Diagnostic methods

Useful tests for the early detection and staging of tumors include X-ray, endoscopy, isotope scan, computed tomography scan, and magnetic resonance imaging, but the single most important diagnostic tool is a biopsy for direct histologic study of tumor tissue. Biopsy tissue samples can be taken by curettage, fluid aspiration (pleural effusion), fine-needle aspiration biopsy (breast), dermal punch (skin or mouth), endoscopy (rectal polyps), and surgical excision (visceral tumors and nodes).

Tumor markers are assuming a growing role in all aspects of cancer care, starting from screening to follow-up after treatment.

A tumor marker is a substance found in the blood, urine, or body tissues that can be elevated in cancer, among other tissue types. There are many different tumor markers, each indicative of a particular disease process, and they are used in oncology to help detect the presence of cancer. An elevated level of a tumor marker can indicate cancer; however, there can also be other causes of the elevation.

Tumor markers can be produced directly by the tumor or by non-tumor cells as a response to the presence of a tumor. Most tumor markers are tumor antigens, but not all tumor antigens can be used as tumor markers.

Examples of tumor markers include alpha-fetoprotein (AFP), carcinoembryonic antigen (CEA), human chorionic gonadotropin (HCG), lactate dehydrogenase (TDH), prostate-specific antigen (PSA) and neuron-specific enolase (NSE) (Image 9.1).

Image 9.1 Tumor markers

 

Uses of tumor markers can broadly be classified as follows:

§ Screening for common cancers on a population basis. Example: elevated PSA suggests prostate cancer.

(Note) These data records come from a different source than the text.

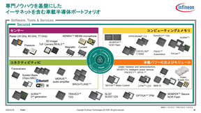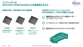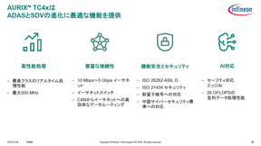 インフィニオンの車載分野におけるMCUは「AURIX」「TRAVEO」「PPSOC」の3製品が用意されており、その中でも、今回のスバルとの協業で用いられる最新世代となるAURIX TC4xは、さまざまなタスクを並列して精度の高い処理が可能な高性能処理、搭載する最大5Gbpsのイーサネットを活用した豊富な接続性、耐量子暗号に対応するとともに世界各国のセキュリティ基準や中国のサイバーセキュリティ基準も満たす機能安全とセキュリティ性、エッジAI対応など、ADASとSDVの進化に最適な機能を提供すると紹介した。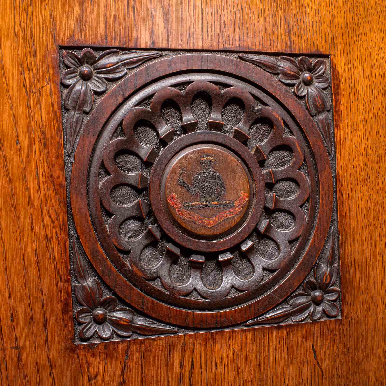 Square frieze to the back rest hosts a flowerhead carved medallion with heraldic portrait to the centre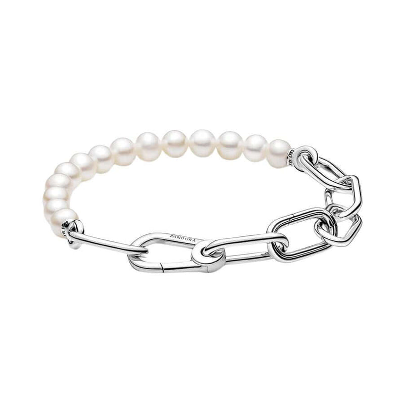 • Tässä ihanassa Pandora 599694C01 ME Helmi rannekorussa on käytetty kauniita makeanvedenhelmiä.

§ Monitoring of cancer survivors after treatment.

Example: elevated AFP in a child previously treated for teratoma suggests relapse with endodermal sinus tumor.

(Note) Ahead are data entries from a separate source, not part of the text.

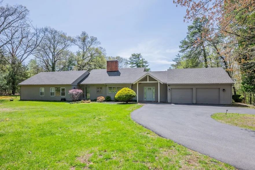 Discover a rare opportunity to own almost 3 acres on the desirable east side of Farmington. This exceptional accessible property offers true one-level living. Seamlessly blending with its surroundings, the home features a stunning wall of windows that flood the interior with natural light. The thoughtfully designed layout includes a private three-room in-law suite with a separate entrance, featuring a kitchenette, cozy living room (or potential fifth bedroom) with a wood stove, a bedroom, and a full attached bath-perfect for multi-generational living or guests. Pass through the updated kitchen and inviting family room with a wood-burning FP to reach the main bedroom wing, where you'll find 3 bedrooms, including a primary suite w/ an ensuite bath and a walk-in closet. Vaulted ceilings and picturesque views from every room enhance the home's welcoming feel. Located in the award-winning Farmington Public School System (East Farms district) this property offers the perfect balance of privacy and convenience, just minutes from highways, shopping, UConn Health, WH Center and 2 hours from Boston or NY. Significant recent upgrades include a newer roof and furnace, offer peace of mind for years to come. The expansive attic invites finishing potential w/o the need to raise the roof. Fall in love with this one-of-a-kind, accessible retreat today. Please do NOT walk the property without an appointment.
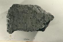 | Description: | Of the two adjacent preserved edges one is smooth, the other has a tongue and groove joint. Traces of hydraulic cement on both faces; but not enough remains to show water deposit. From Klepsydra. Tan-colored fossiliferous poros. Cf. A 1269 and A 2438. | |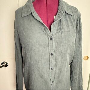 Stylish dark gray button-up shirt with a classic collar and front pocket. Perfect for casual or formal wear.

§ Diagnosis of specific tumor types, particularly in certain brain tumors and other instances where biopsy is not feasible.

 

Note! Each diagnostic method has false positive and false negative results. At a false positive finding of the tumor marker is positive, although there is no tumor. With a false negative result of the finding is negative, although there is a tumor. Both possibilities are found among the vast majority of fatally tumor markers so frequently that the oncology professional societies, the determination of tumor markers for targeted tumor diagnosis (except for very few exceptions) strictly reject! There are some diseases that can lead to an increase in tumor markers, although there is no tumor. In smokers, some of these markers are always elevated, although there is no cancer.

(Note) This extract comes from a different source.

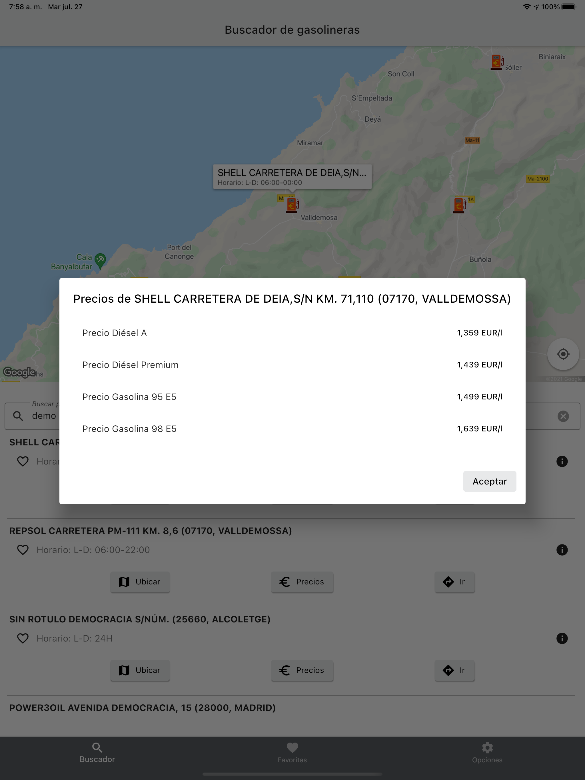 La forma fácil de saber los precios de cada estación de servicio en España. La app permite guardar las estaciones de servicio favoritas. Para ayudarte a encontrar la estación de servicio más cercana requiere la activación del GPS. Modo "Ir" compatible con la mayoría de aplicaciones de navegación de coche.

The ideal tumor marker would be produced exclusively by a malignant tissue, or would be elevated in tissue predisposed to progressing towards a malignancy. Such a tumor marker would be elevated in the blood of all patients with this particular cancer. This tumor marker would be highly sensitive to detect early stage disease. It would also be sufficiently specific to safe guard against false-positive results. Unfortunately so far this ideal tumor marker does not exist.

 

Why did the societies reject the tumor marker screening? Because the probability is too small to detect a tumor in a more well-treatable stage. The benefits are much smaller than the harm that is caused by this.

 

Tumor markers have an advantage?

Only when a particular tumor has occurred, it makes sense to determine the matching or the tumor markers.